4 White Supremacists Face Federal Charges In California Attacks
Four Southern California men, allegedly part of an extremist white supremacist group, have been charged by federal prosecutors for violent attacks on counter-protesters, journalists and a police officer at political rallies across the state.
Three of the four are in custody.
The New York Times reports that Robert Rundo, 28 was taken into custody on Sunday at the Los Angeles International Airport after fleeing to Central America earlier this month.
Robert Boman, 25, and Tyler Laube, 22, were arrested Wednesday morning. Authorities are searching for the fourth man — Aaron Eason, 38.
The criminal complaint, filed by the FBI out of Los Angeles on Saturday and unsealed on Wednesday, alleges the four are part of the white supremacist Rise Above Movement.
RAM subscribes to a virulently racist, anti-Semitic ideology and trains its members in combat. The group "represents itself publicly as a combat-ready, militant group of a new nationalist white supremacy/identity movement," the complaint says.
"The allegations describe an orchestrated effort to squelch free speech as members of the conspiracy traveled to multiple locations to attack those who hold different views," said U.S. attorney Nick Hanna in a news release.
Videos recorded by journalists, bystanders and surveillance cameras, as well as posts on the internet from the group's members and private social media communications between them, helped the Department of Justice build its case.
The DOJ alleges the four men violated federal conspiracy and riot statutes in a series of incidents from March to June of 2017.
At a "Make America Great Again" rally in Huntington Beach in March, the DOJ said in its criminal complaint, members of RAM attacked two journalists and a number of counter-protesters.
Video footage shows Laube punched one journalist three times in the face, after the reporter was jostled by other rally attendees and stumbled backwards.
The Daily Stormer — a neo-Nazi website and online community — praised the violence. "Front page of the stormer we did it fam," one RAM member texted another.
In the weeks after the attacks, members allegedly gleefully celebrated the attacks and recruited others to attend an upcoming rally in Berkeley, as well as a training session in hand-to-hand combat before the gathering.
At that April rally, Rundo, Boman and Easaon assaulted people at the rally. Videos show group members with taped hands — like boxers — punching counter-protesters. In one attack, a RAM member held down a counter-protester while another landed punches. Rundo was arrested for punching a "defenseless person" and a police officer.
"Total Aryan victory," a RAM member texted another member the next day.
RAM members again celebrated their assaults, according to the complaint. They posted photos of members holding up a banner celebrating they stole from counter-protesters. On social media, Boman posted several photos of himself attacking others and of RAM members engaged in combat training.
In June, the white supremacists attended an "Anti-Islamic Law" rally in San Bernardino, where they carried out more attacks. Three RAM members not indicted in this case were arrested.
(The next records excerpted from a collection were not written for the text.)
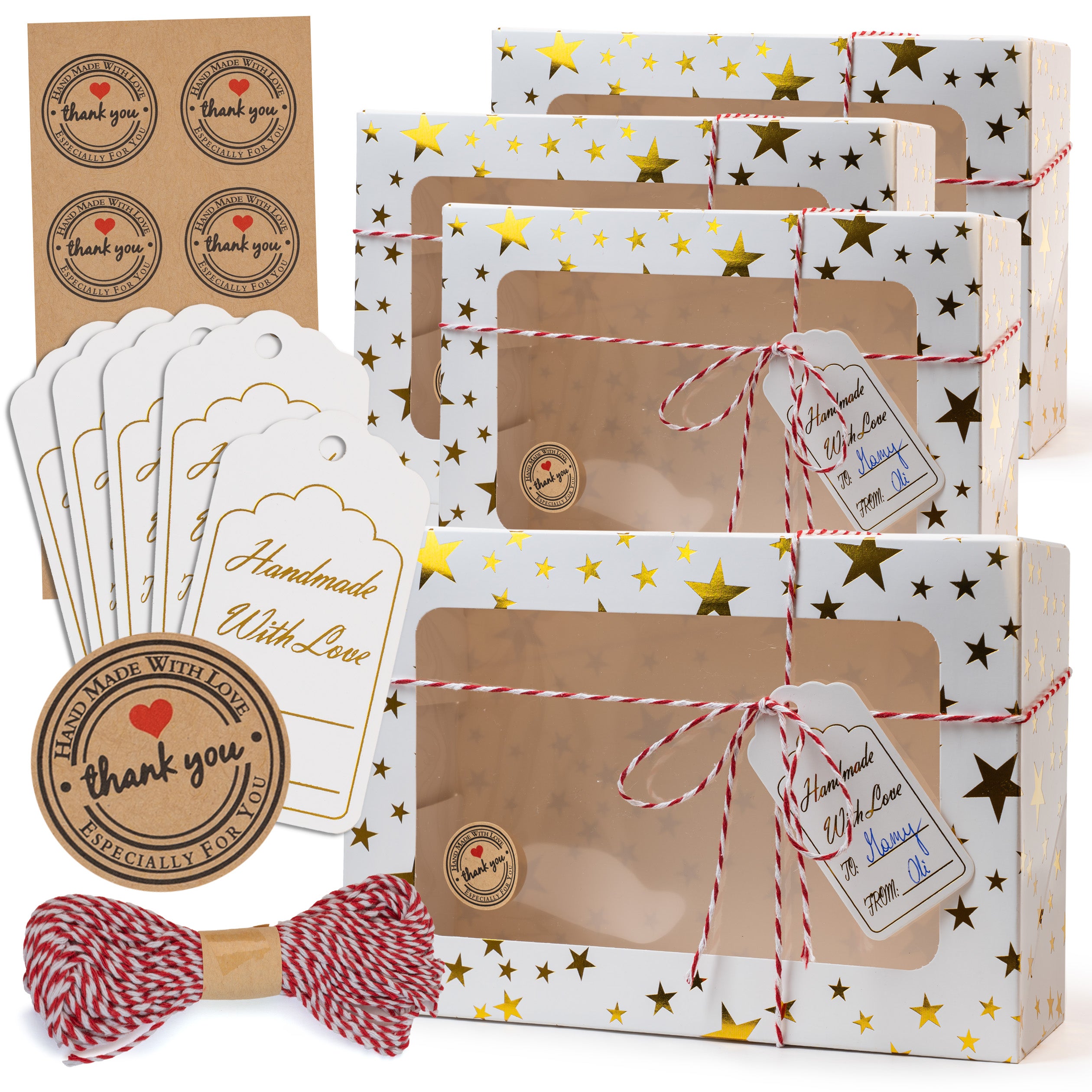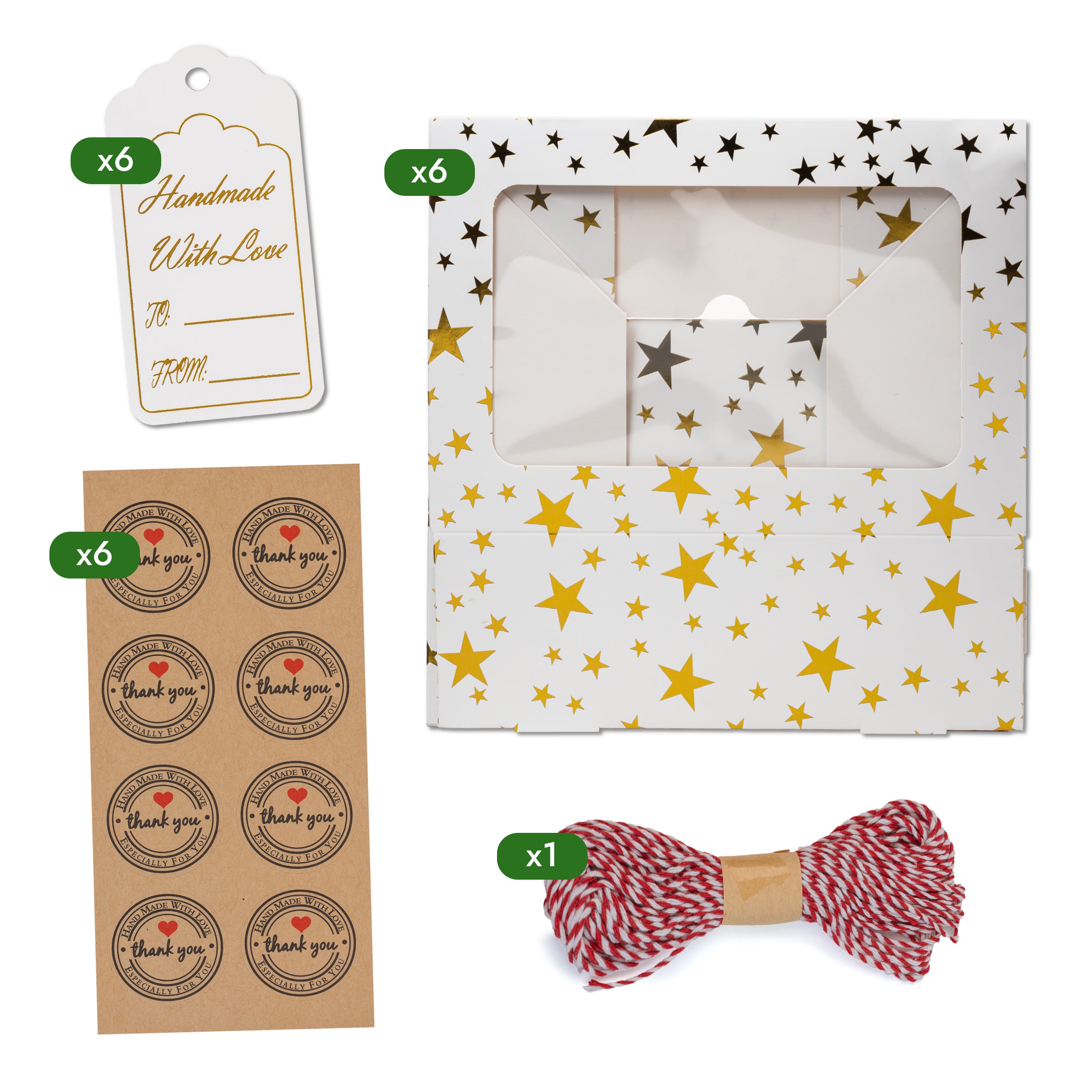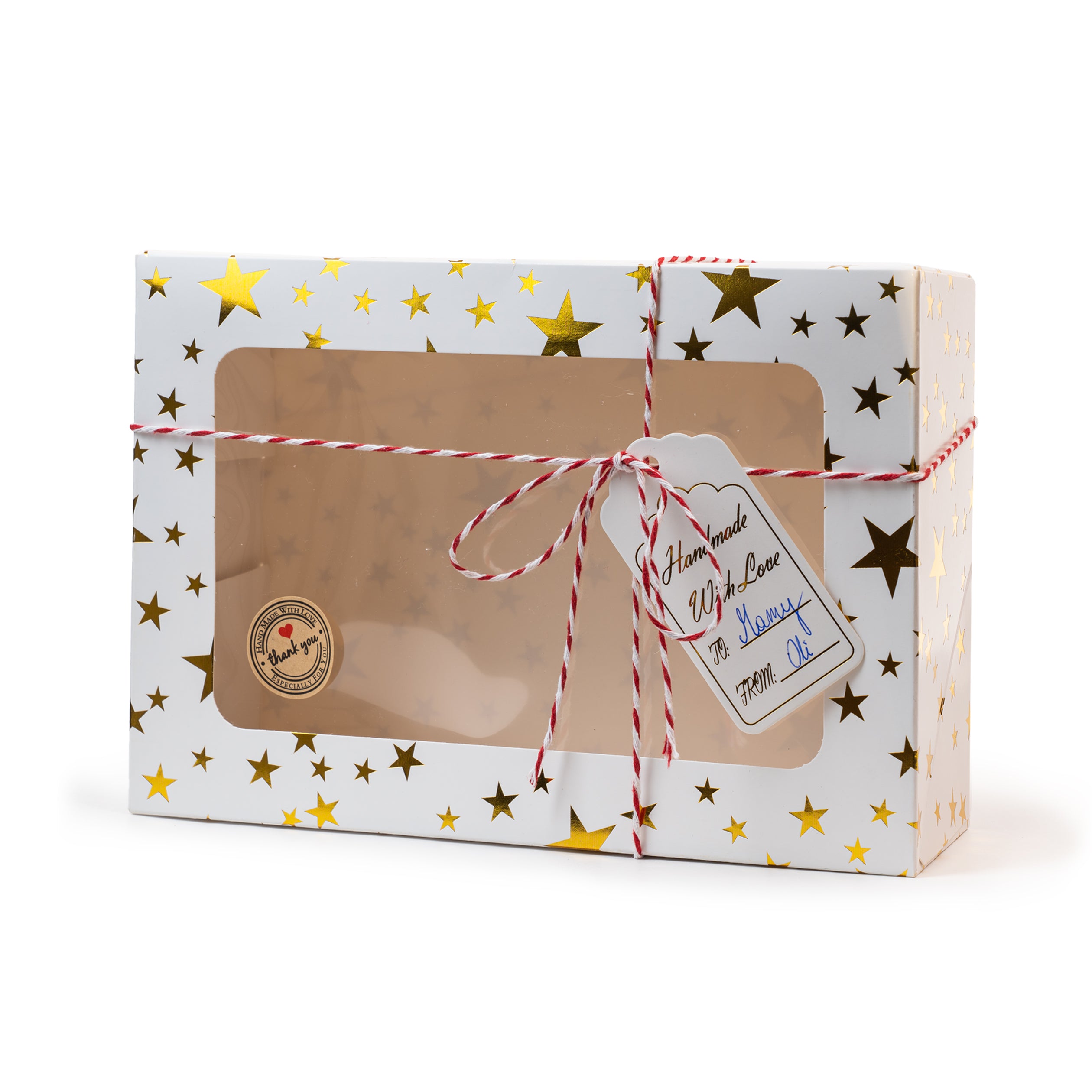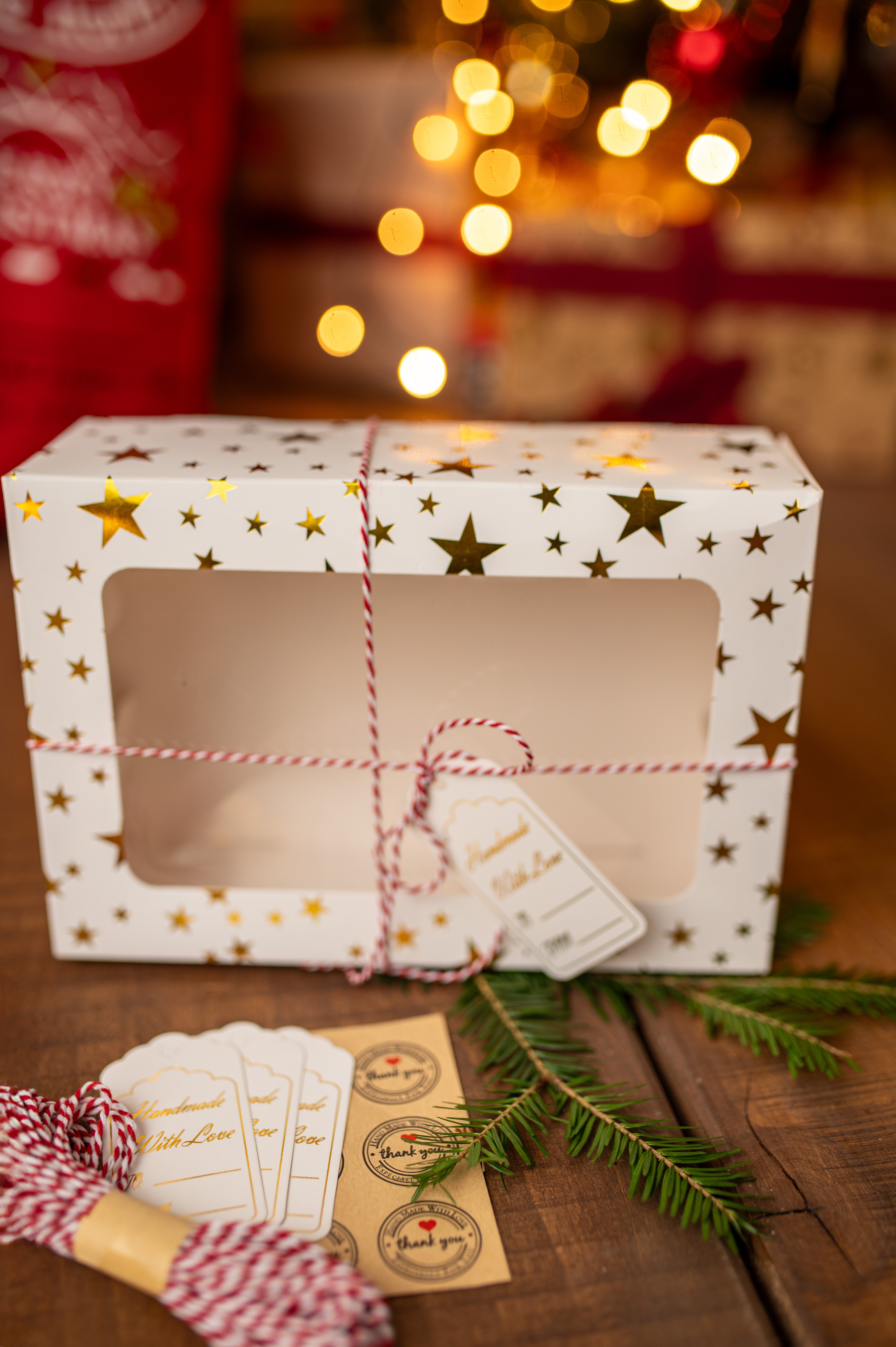 Dieses Set mit 6 Geschenkboxen mit Sichtfenster ist eine elegante und praktische Lösung zum Verpacken von Backwaren, Geschenken oder Festtagssets. Jede Schachtel ist aus stabilem, weißem Papier gefertigt und mit goldenen Sternen verziert, was ihr einen einzigartigen, festlichen Charakter verleiht. Durch das transparente Sichtfenster lässt sich der Inhalt ansprechend präsentieren, und das einfache Faltsystem ermöglicht eine schnelle Geschenkverpackung ganz ohne Klebstoff.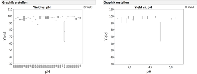 You could try to "bin" your pH values so that you have fewer boxes in the box plot, but still use a continuous x for the display. Create a new column with the following formula (assuming your x axis is in the column "pH"). Change the number to define your number of "bins" (in the case: 20), which will change the number of box plots and, in effect, their width..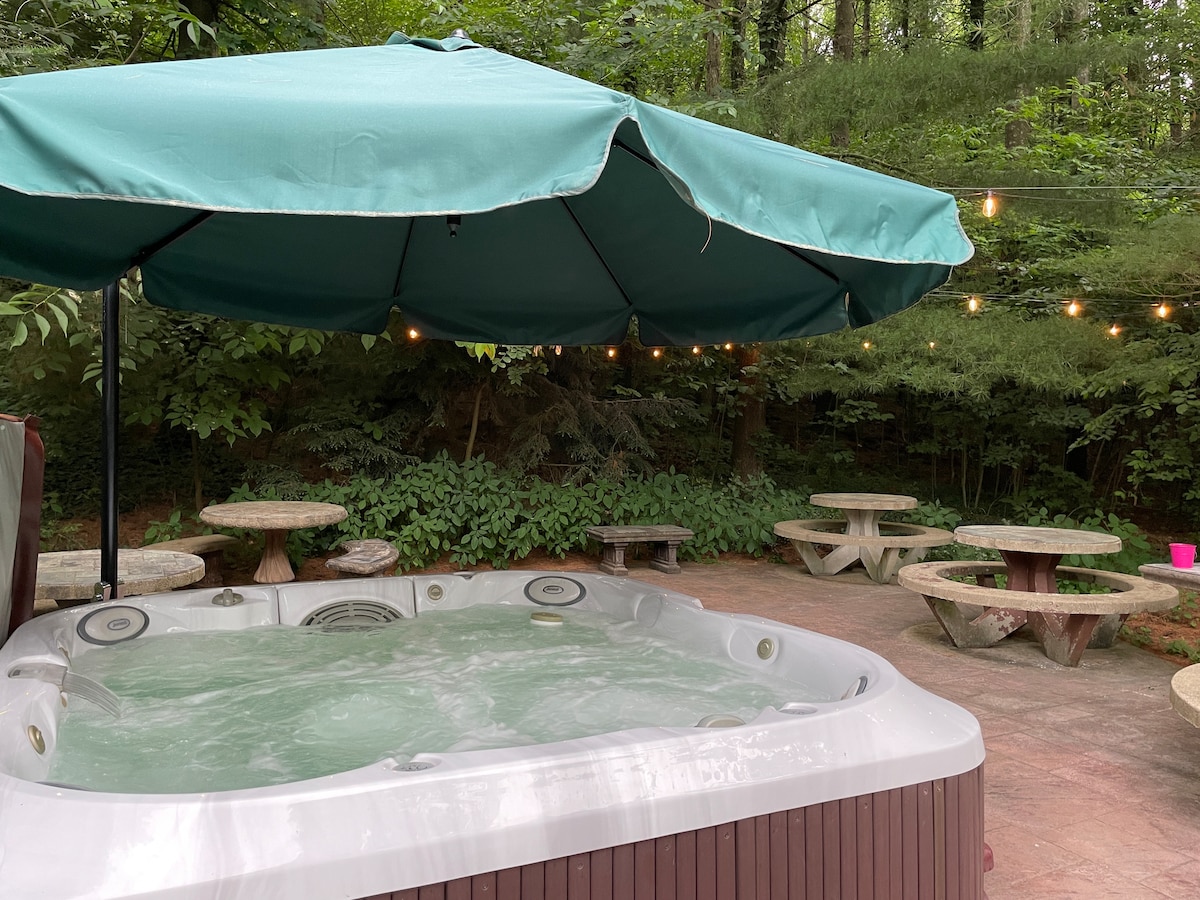 Retreat to the Fresno Escape! A private cabin featuring a year-round hot tub, perfect for relaxation. Tucked among pines and rocks in the heart of Amish country, where the occasional clip-clop of horse and buggies adds charm. Styled like a railroad depot, the artistically furnished home displays intricate stonework, tile and custom stained glass. The kitchen includes appliances and cookware, with the outdoor area offering a propane grill. Complimentary firewood is provided for the firepit.

Wednesday's charges follows the arrests earlier this month of another four RAM members — Benjamin Daley, Michael Miselis, Thomas Gillen and Cole White — who were charged on conspiracy to riot charges for attacking counter-protesters during last year's Unite The Right rally in Charlottesville, Va.
The California charges describe connections between both sets of defendants.
Between April and August of 2017, the complaint alleges RAM members "engaged in regular combat training sessions" before attending the Unite the Right rally.
They also "used the internet to coordinate combat training in preparation for the events, to arrange travel to the events, to coordinate attendance at the events, and to celebrate their acts of violence in order to recruit members for future events," the complaint said.
Members documented their extremist ideology in public internet posts, including their affinity of the "14 words" — "a mantra known and used by white supremacy extremists and neo-Nazis," FBI special agent Scott Bierwirth said in the complaint.
Also according to the California affidavit, Rundo and two men charged in the Charlottesville case flew to Europe last spring to celebrate Adolf Hitler's birthday. There, they met with other white supremacy extremist groups.